After a first show in Paris, at the Center Pompidou, in 1986, as part of the exhibition “Vienne. Naissance d’un siècle, 1880-1938″, the name of the Austrian fashion designer born in 1956, Helmut Lang, will soon impose itself in European fashion and upset its codes, after the radical Japanese of Paris (Yohji Yamamoto and Rei Kawakubo) and head on with the young Flemish guard (Martin Margiela, Ann Demeulemeester, etc.).
Going through a changing profession – creation of large groups, takeover of Dior and Givenchy by the ultra-gifted “bad boys” John Galliano and Alexander McQueen -, Helmut Lang will be described as an “intellectual minimalist”. Thoughtful, calculated, his fashion is minimal, as is the media presence of the designer, almost as discreet and invisible as Margiela.

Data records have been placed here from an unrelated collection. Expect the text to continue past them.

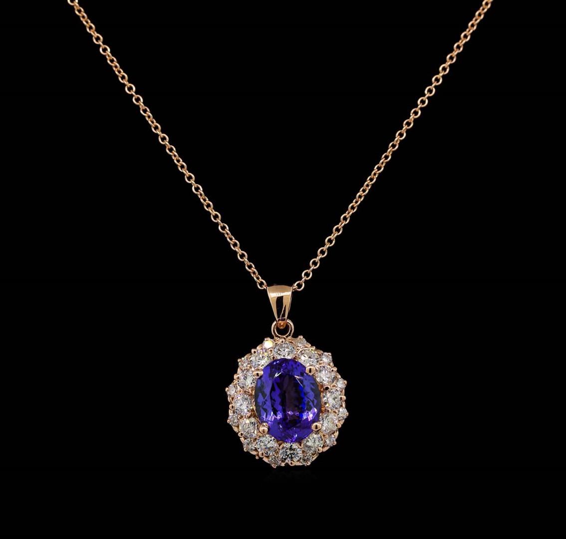 One electronically tested 14KT rose gold lady's combination cast & assembled fashion pendant & chain 18.0' long, 1.3mm oval cable link with a lobster claw clasp with a bright polish finish. Identified with markings of '14K'. Condition is new, good workmanship. Containing: One prong set oval modified brilliant cut natural tanzanite, measuring 10.37 x 8.09 x 5.20mm, (depth est.) 5%. bulge factor, approximate weight of 3.20ct., clarity is eye clean, medium dark, moderately strong, violetish blue color, (GIA vB 6/4), cut is very good. Transmitting light with no distortion, transparent. Colored gemstones are presumed to have been subjected to commonly used enhancement processes. Graded in the setting. Twelve prong set round brilliant cut diamonds, measuring 2.80 - 2.70 x 1.65mm (depth est.) approximate total weight of 12 Stones = 0.92ct. Graded in the setting. Clarity SI-1 to SI-2. Color: H - I Cut Good Twelve prong set round brilliant cut diamonds, measuring 1.70 - 1.65 x 1.04mm (depth est.) approximate total weight of 12 Stones = 0.22ct. Graded in the setting. Clarity SI-1 to SI-2. Color: H - I Cut Good. Total Weight of Colored Stones 3.20ct.. Total Weight of Diamonds 1.14ct.. Total Weight of Pendant & Chain 5.70gm. GAS Appraised at $9,005.00.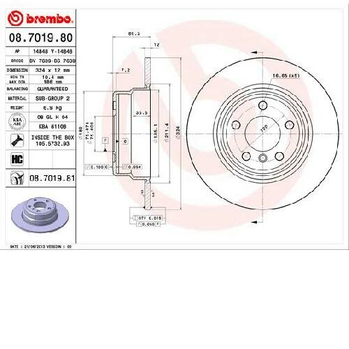 Диск тормозной 08.7019.81 brembo 1шт информация: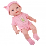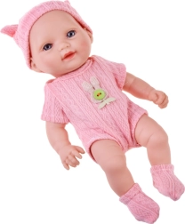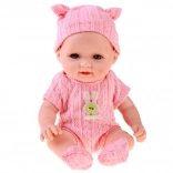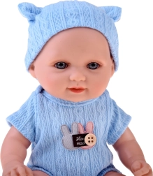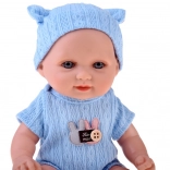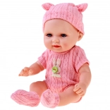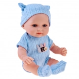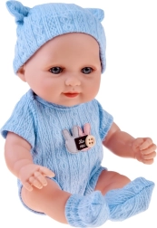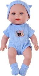 A lightweight baby doll with a height of 26 cm, ideal as a first doll for the little ones. It has movable arms, legs, and head, so it can be seated or laid down. The realistic little face with long eyelashes and detailed features will delight every child. Includes soft, removable onesie with hook-and-loop fastener, cap and booties in two colors – pink or blue.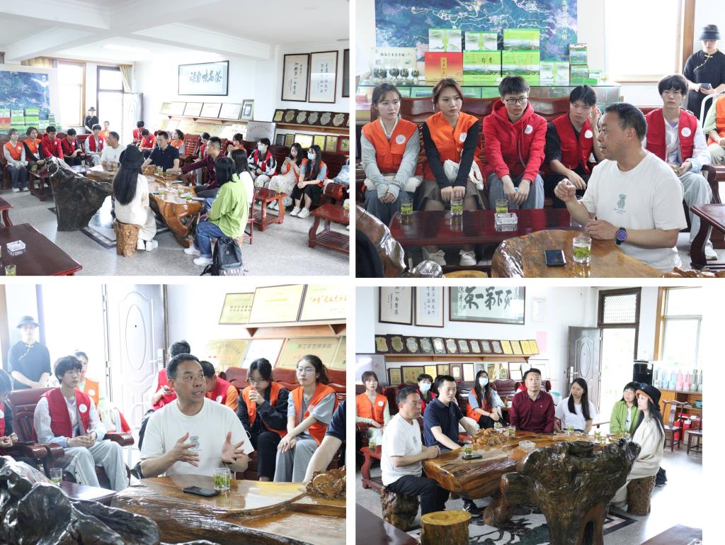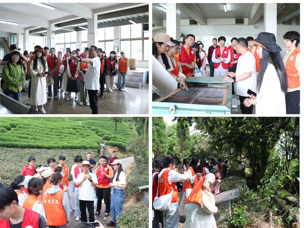 随后,朱朝安带领书院学子参观茶厂生产车间,详细地讲述羊岩勾青的制作过程。茶叶采摘后,需依次经过摊放、杀青、揉捻、炒小锅、炒对锅等工序;成茶后外形呈腰圆,色泽隐绿,汤取色黄绿明亮,香味醇厚,也因此戏称其为“羊岩勾魂”。在此过程中,朱朝安还介绍了茶厂特色专利如色透机、匀摊机等。紧接着,他又带领广文师生前往茶山进行实地鉴赏,茶山每50米为一品种,书院学子边听讲解,边采摘,了解到不少茶叶品种的差异、制茶的技术以及悠久的茶文化。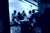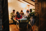 A warm gathering of friends sharing artistic and creative activities in a comfortable interior space, fostering community and enjoyment.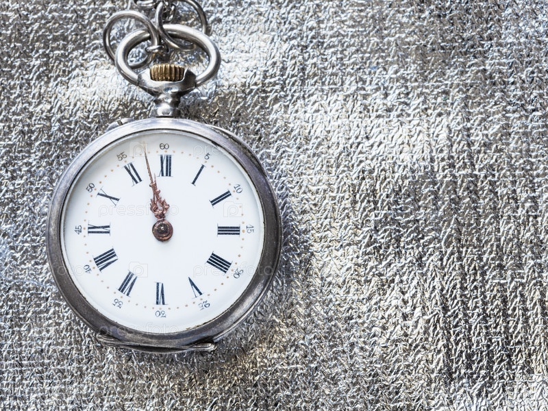 Ретро карманные часы на серебряном текстильном фоне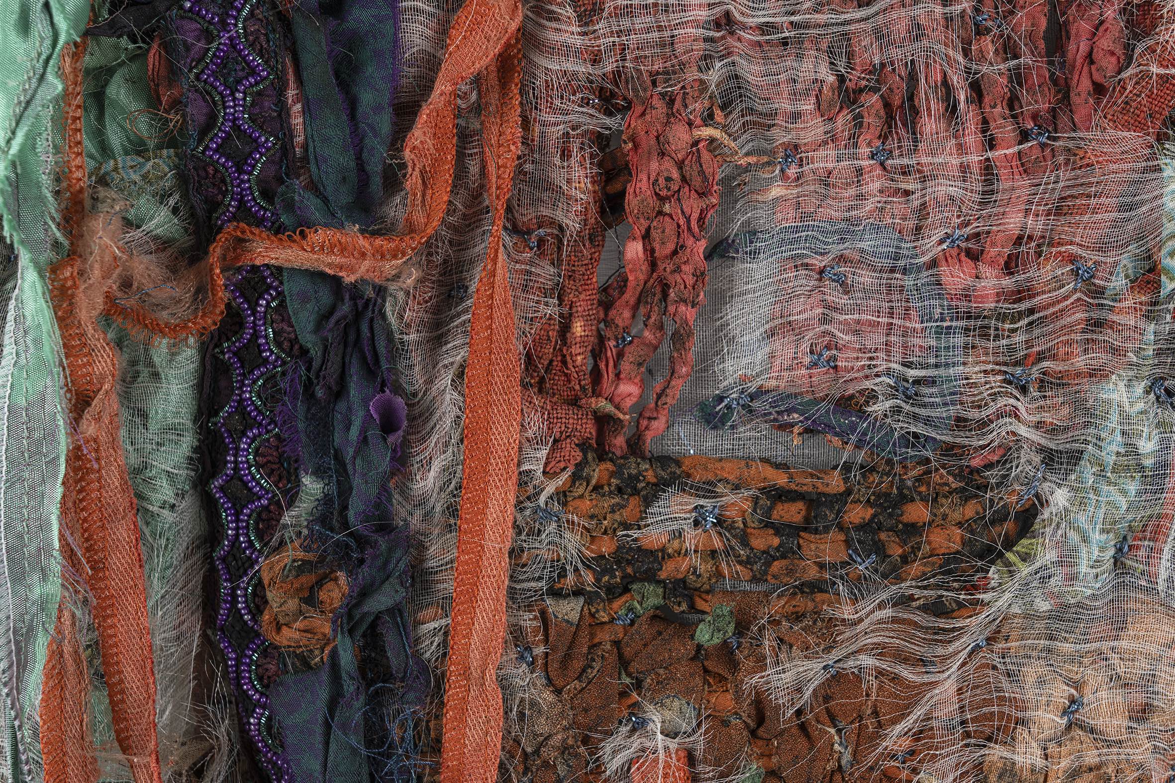 Second hand clothes, silk fabric, weaving and composting, dimensions variable, 2026

In Claudia Müller’s documentary, he only appears in voice-over, the rest being taken from television archives. The wise testimonials of fashion editors, art curators, photographers and artists (Jenny Holzer, with whom Helmut Lang collaborated, as well as with Louise Bourgeois) complete the discussion.
meteor trajectory
Helmut Lang’s meteoric trajectory, the essence of his style, his singularities and inventions, the recipes for his success are perfectly described, as well as what was to follow, after a resounding thunderclap: at the end of the spring-summer fashion show 2005, without having warned the press, Helmut Lang announces that he is stopping fashion.

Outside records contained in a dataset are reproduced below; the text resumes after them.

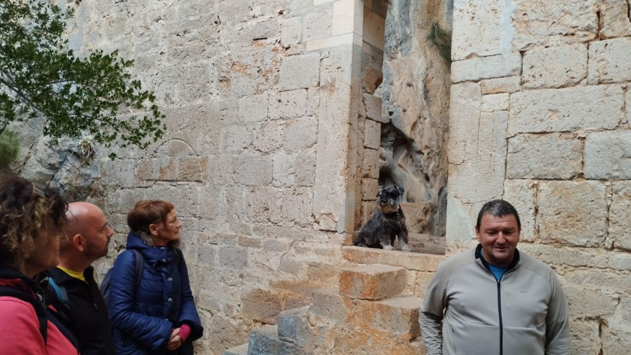 Do tog neobičnog i mističnog mjesta vodi jedino uspon strmom planinarskom stazom koju smo uz 2-3 pauze i Zoranova zanimljiva predavanja - s guštom svladali. Moglo smo mi to i brže - ali Branko je imao potpitanja. S obzirom na to da smo tolerantni - nije nam smetalo. Na kraju nije smetalo ni ljubaznom vodiču Zoranu kojega smo zarazili našom tolerancijom i smijehom (a mogli smo i Antonijinom virusom).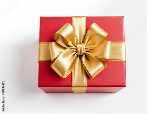 red gift box wrapped with gold bow and ribbon isolated on white background. Ai generated image.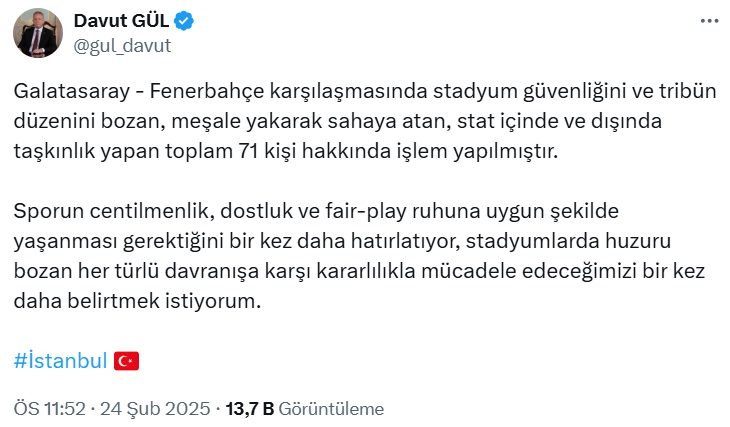 Derbide oyunun kısa süre durmasına neden olan meşale ve bazı taşkınlıklar dışında büyük bir olay olmazken İstanbul Valisi Davut Gül, sosyal medya hesabından açıklama yaptı.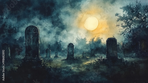 A haunting scene of a graveyard under the light of a full moon, with fog drifting among old tombstones, creating an eerie and mysterious atmosphere.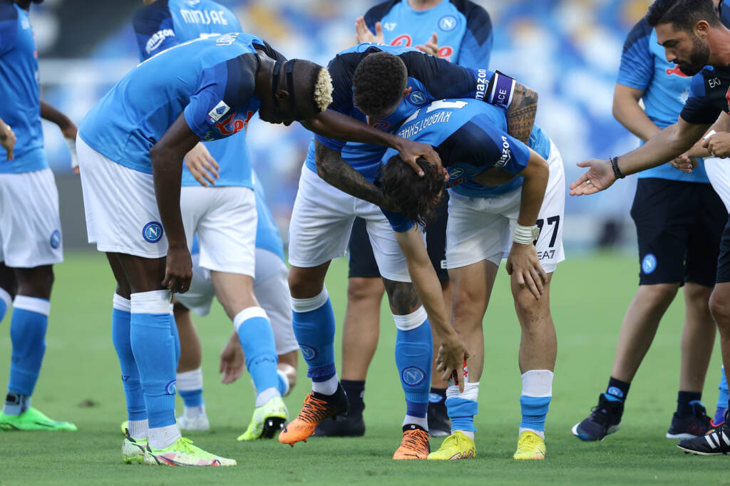 La nuova stella del Napoli si chiama Kvaratskhelia. Al debutto al Maradona in campionato sigla una doppietta, dopo aver già segnato nella prima giornata, e fa innamorare i tifosi partenopei che invece dovranno attendere per vedere in azione i nuovi acquisti, Simeone e Raspadori, oggi rimasti in panchina. Poco male per gli azzurri, che dominano il Monza per tutti i 90 minuti e chiudono la pratica 4-0, con i gol anche di Osimhen e Kim. A Napoli l’ad dei brianzoli, Adriano Galliani, in mattinata ha fatto visita al murales di Maradona, portando in dono una maglia del Monza con il numero dieci e una sciarpa.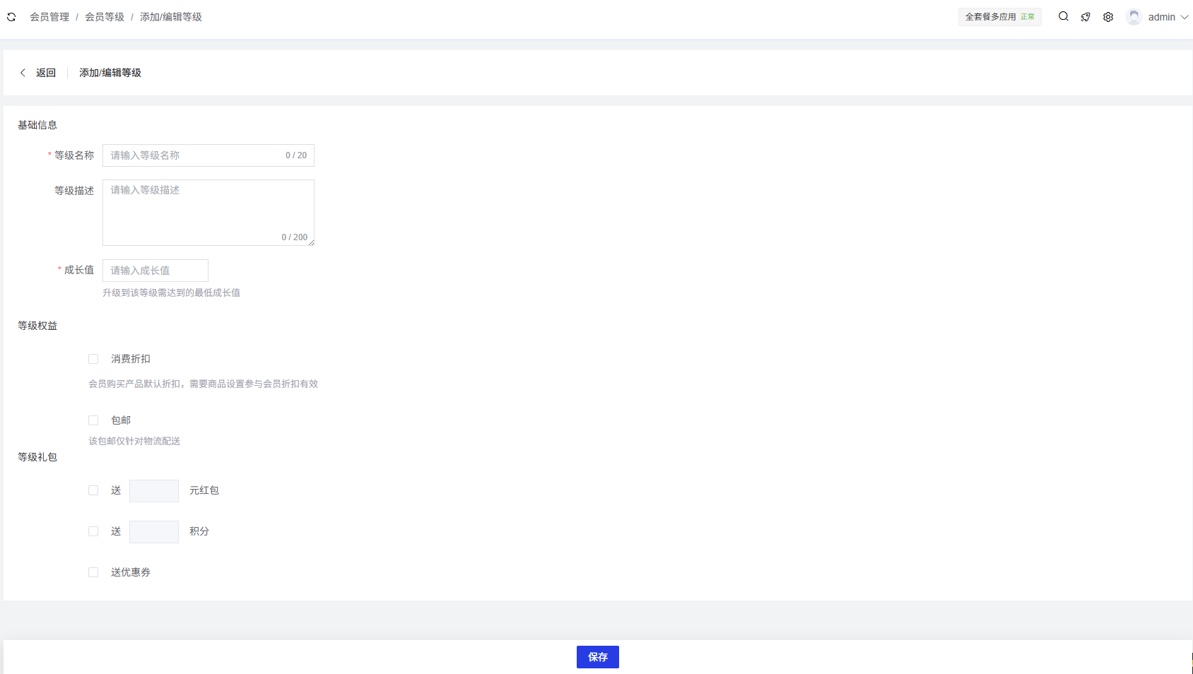 等级名称:输入等级的名称(必填,最多20个字符)。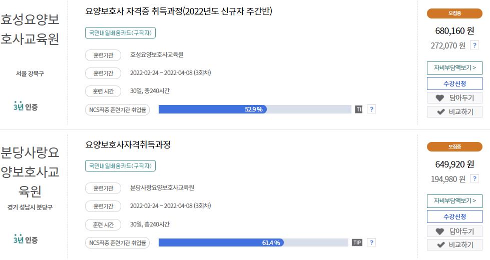 국민내일배움카드가 있다면 직업훈련포털에서 요양보호사를 검색하면 국비지원대상 교육기관과 훈련과정을 찾아볼수 있습니다.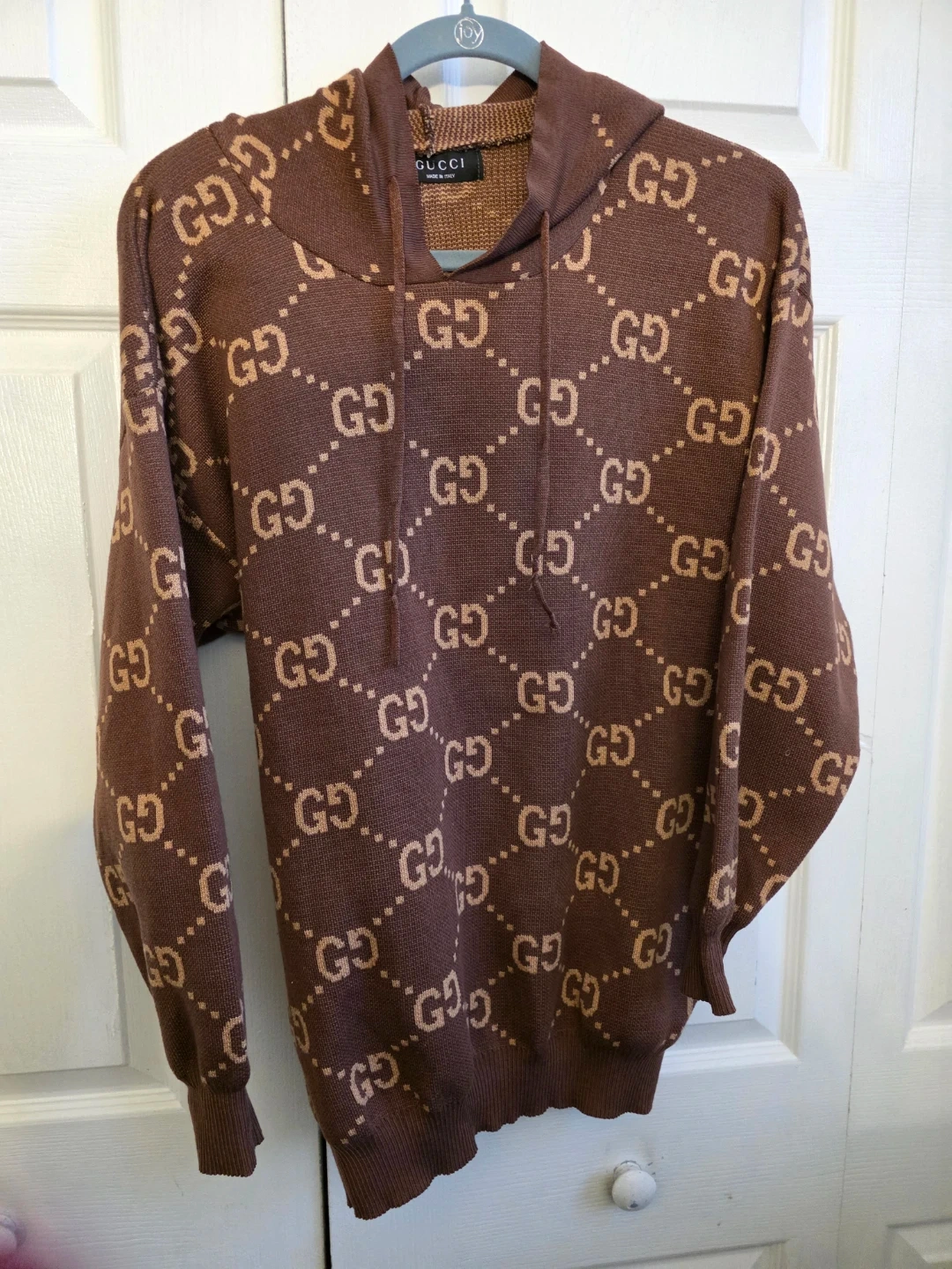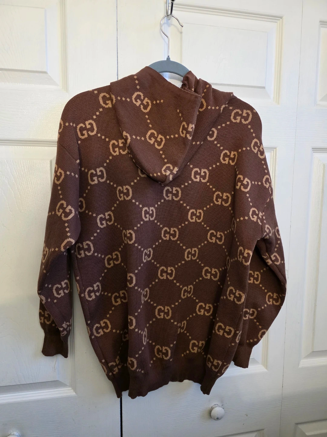 Selling a stylish Gucci hoodie with an all-over print design. The hoodie is brown with a lighter brown pattern. It's in great condition and ready for a new owner!

He sells his brand and decides to devote his full time to his work as a visual artist, which reflects his fashion: austere, but rich in materials and textures. It would be too quick to put it in the category of minimal art, born at the dawn of the 1960s, or even of conceptual art: “What I do surely looks more like a chic version of arte povera », laughs Helmut Lang.

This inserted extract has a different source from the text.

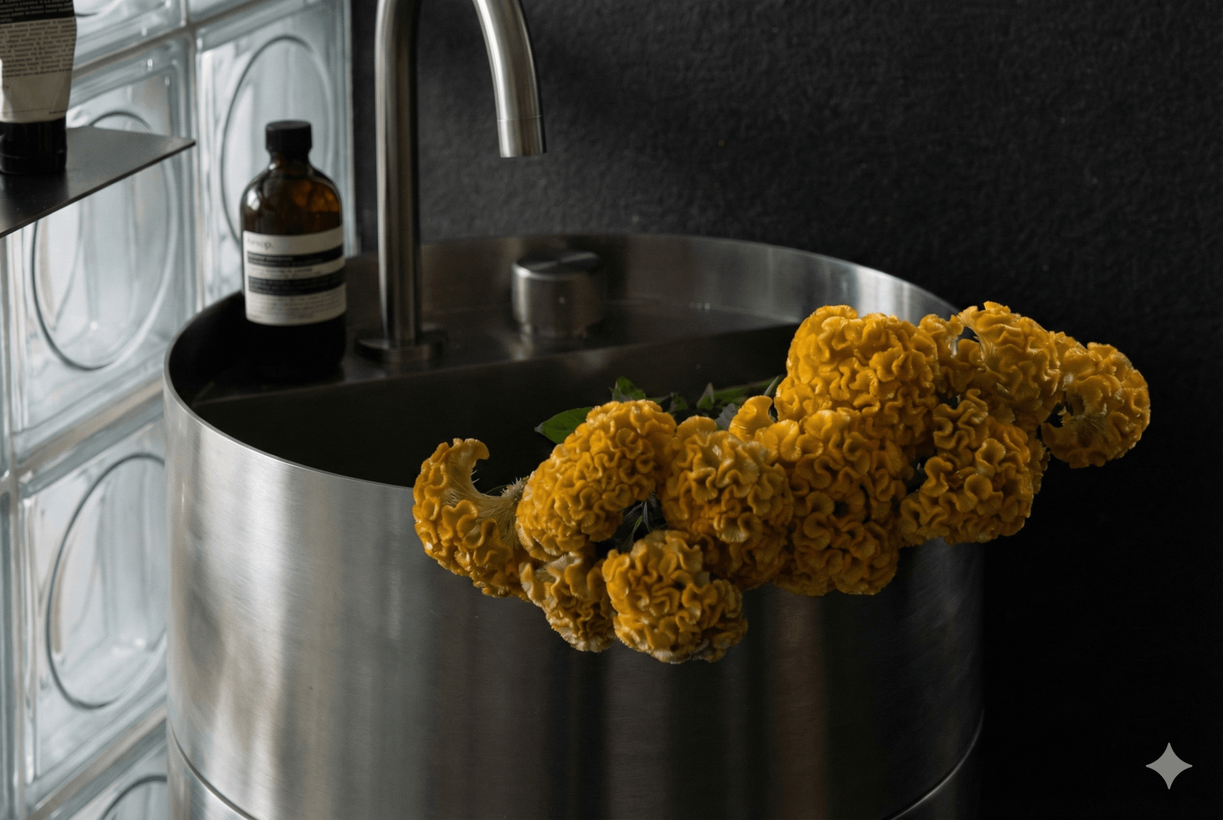 • Sculptural stainless elements, cylindrical geometry, minimalist lines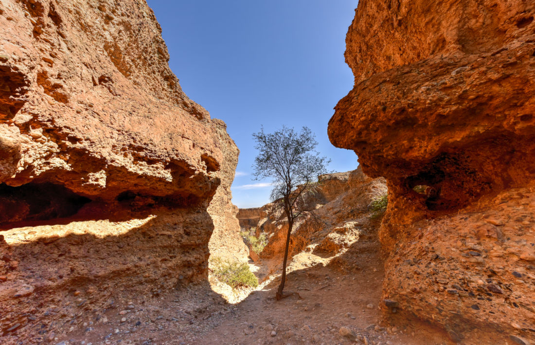 Als u een bezoek brengt aan Sossusvlei en Deadvlei in de Namib woestijn, neem dan ook de tijd om een wandeling te maken door Sesriem Canyon. De ingang van Sesriem Canyon ligt op zo’n 4,5 kilometer vanaf de ingang van het nationale park. Deze canyon is geen grote kloof zoals Fish River Canyon, maar de grillige rotsformaties waar u door heen loopt zijn bijzonder mooi. Het ravijn is uitgesleten door de Tsauchab rivier die, als de rivier stroomt, eindigt in Sossusvlei. De naam Sesriem komt uit het Afrikaans. Afrikaanse boeren die in de negentiende eeuw het gebied onderzochten hadden 6 (ses) aan elkaar geknoopte leidsels (riemen) nodig om een emmer water uit de kloof omhoog te halen. Er is altijd wel wat water te vinden in de vorm van poelen in het ravijn, maar alleen als er genoeg regen valt in de Naukluft bergen verandert de Tsauchab in een woest stromende rivier die zich door het ravijn stort. Als u in de zomermaanden december t/m februari het gebied bezoekt raden wij u aan om dan ook vooraf het weerbericht te beluisteren om na te gaan of er zware regen- of onweersbuien worden verwacht. Hevige regenval in de Naukluft bergen kan namelijk leiden tot plotselinge overstromingen. Ook hier geldt dat het erg warm kan zijn midden op de dag, plan daarom uw bezoek weer in de ochtend of late middag. De wandeling door het ravijn is makkelijk en niet inspannend, en u zult genieten van het spel van licht en schaduwen langs de rotswanden.

If, like Karl Lagerfeld, Helmut Lang always looked to the future (“I am not sentimental, I do not spend my life dwelling on it”), he nevertheless secures his legacy by donating his archived collections to eighteen museums fashion, including the Museum of Applied Arts in Vienna, where he held a professorship.
The transition from his job as a fashion designer to that of an artist was to be accomplished through the terrible – and terribly symbolic – bias of the fire which, in 2010, took over his New York premises, where the 8,000 models and accessories that he did not bequeath, damaged by fire, smoke and water. He decides to shred everything and turn it into the transmuted material of his sculptures.
A way of illustrating with splendid irony the myth of the phoenix, as rightly remarked by the British art curator Neville Wakefield, one of the speakers in this very good documentary.